2013-09-10 Thread Josef Bacik
On Tue, Sep 10, 2013 at 08:36:55AM -0700, Mark Fasheh wrote:
 On Mon, Aug 12, 2013 at 04:47:52AM -0700, Christoph Hellwig wrote:
  On Thu, Aug 08, 2013 at 11:44:54AM -0400, Josef Bacik wrote:
   On Thu, Aug 08, 2013 at 06:48:05AM -0700, Christoph Hellwig wrote:
On Thu, Aug 08, 2013 at 09:02:07AM -0400, Josef Bacik wrote:
 This won't work, try having 1 subvolumes with dirty inodes and do 
 sync then
 go skiing, you'll have time :).  Thanks,

Why would the dirty inodes make any difference?  If you share the bdi
between the subvolumes the sync workflow should be exactly the same
still.

   
   If we could dis-entangle vfsmounts from sb's and have it so you could have
   multiple vfsmounts with just one sb that would solve at least the 
   in-kernel
   confusion, but I think we still have the userspace confusion.  Thanks,
  
  I think it would mostly solve userspace confusion, as userspace only
  sees mounts and the device names.
  
  But please fix this up properly instead of propagating the effects of
  the nasty btrfs hack that should never have been merged in that form
  further up the stack.
 
 Can one of you explain how this solves the problem that userspace is getting
 different devices for the same inode?
 
 Seriously, I've been looking into it and I'm a bit lost. I followed the
 converstaion until here but I don't see how any of the proposed changes
 actually *fix* anything? Also, what is the relationship between vfsmounts
 and sb today? Wouldn't a bind mount produce the situation of more than 1
 vfsmount per sb that is described above?
 
 Sincerely, someone who would like to fix this ABI breakage that has been
 going on for years.

And let me restate the problem so we're all on the same page.

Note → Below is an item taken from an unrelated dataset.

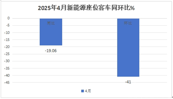 根据中国客车统计信息网数据,2025年4月我国大中型新能源座位客车同环比分别增长-19.06%和-41%,而今年4月大中型新能源客车大盘同环比分别为-9.93%和-26.92%,可见今年4月大中型新能源座位客车同环比均跑输今年4月大中型新能源客车大盘;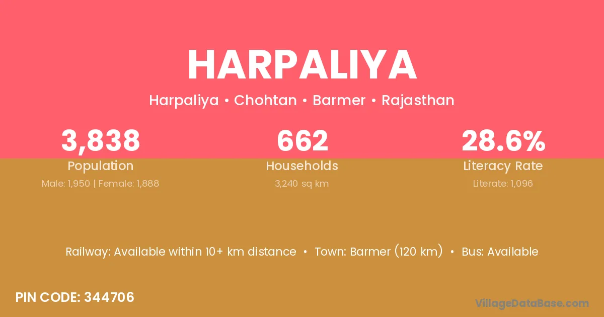Barmer (120 km) is the nearest town to Harpaliya village for major economic activities and is located approximately 120 km away.

Btrfs has subvolumes, completely separate trees within the file system.  These
trees get their own object numbering, which in turn is how we do our inode
numbers.  So if you have multiple subvolumes, they will likely have the same
inode numbers within the same file system.  This screws up things like rsync
which say hey look, these two inodes are the same, lets skip them.  So we have
an anonymous dev so we can make them look different.

Now if we were to make each subvol its own vfsmount (essentially a bind mount)
and remove the anonymous device that wouldn't fix the problem _at all_.  The
file system would appear to be the same to rsync and it wouldn't back stuff up.
So we still need some way of telling userspace that this object is different.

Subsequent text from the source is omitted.